29-07-25 09:36 AM
I have been using Blue Prism since 2017 and have been involved in building an ecosystem of approximately 300 automated processes. Unfortunately, I must state that if we weren't already so deeply invested in the platform, I would recommend my organization to switch to another product.
The Blue Prism Enterprise application has not evolved significantly in the past eight years. The user interface is outdated, the developer experience is heavy, and performance is poor in large-scale environments. For example
The platform does not scale: managing 300 processes causes continuous performance issues.
The user interface has remained virtually unchanged since 2017.
Chrome and Edge browser automation: the transition from Internet Explorer to Chrome/Edge was extremely problematic due to weak support for these browsers. Even today, this area has not improved significantly.
In Windows 11 environments, Entra ID authentication for robot users is not supported.
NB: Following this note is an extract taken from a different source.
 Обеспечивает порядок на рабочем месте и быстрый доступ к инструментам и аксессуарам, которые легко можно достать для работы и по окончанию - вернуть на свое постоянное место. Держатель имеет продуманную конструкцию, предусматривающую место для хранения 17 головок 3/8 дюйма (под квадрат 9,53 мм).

This shortcoming may ultimately be what forces us away from the Blue Prism IT's requirement.
Testing tools are nearly nonexistent, making regression testing and validation unnecessarily manual.
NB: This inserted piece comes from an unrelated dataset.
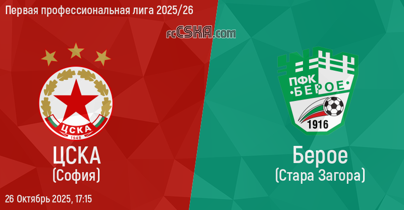 ЦСКА будет играть с Берое в матче Первая профессиональная лига 2025/26 26 Октябрь 2025 г. в 17:15 ч. на стадионе „Васил Левски“ в София. матч будет транслироваться в прямом эфире „Diema sport”.

Despite being a core part of the platform, development, debugging, testing, Application Modeller, and version control functionalities have seen little to no meaningful improvement in the past eight years.
These are not isolated issues – they reflect a broader strategic stagnation in the development of the core Enterprise product. While the company is investing in new tools and cloud services, the foundation that many customers rely on has been left behind. This poses a serious risk to organizations that have built business-critical solutions on top of Blue Prism.
I would expect to see:
A modern, responsive UI with customizable views
A robust debugging and testing framework
Intelligent and reliable browser automation
Scalable orchestration for large environments
Native support for modern version control and CI/CD pipelines
Has anyone else experienced similar limitations? What are your thoughts on the future of the Enterprise platform?
Answered! Go to Answer.
30-07-25 01:36 PM
30-07-25 11:43 AM
Wow @toijari those are some body-blow big hits at the old BP there!
If you think the product has not changed much sinch 2017, I can confirm it did not really fundamentally change much above the hood for a number of years before that. You could probably pick up version 3.5 of the product and recognise it and use it as the same product being used today - but the reality is there have been a hell of a lot of change (and oh my... 3.5 was very buggy!!)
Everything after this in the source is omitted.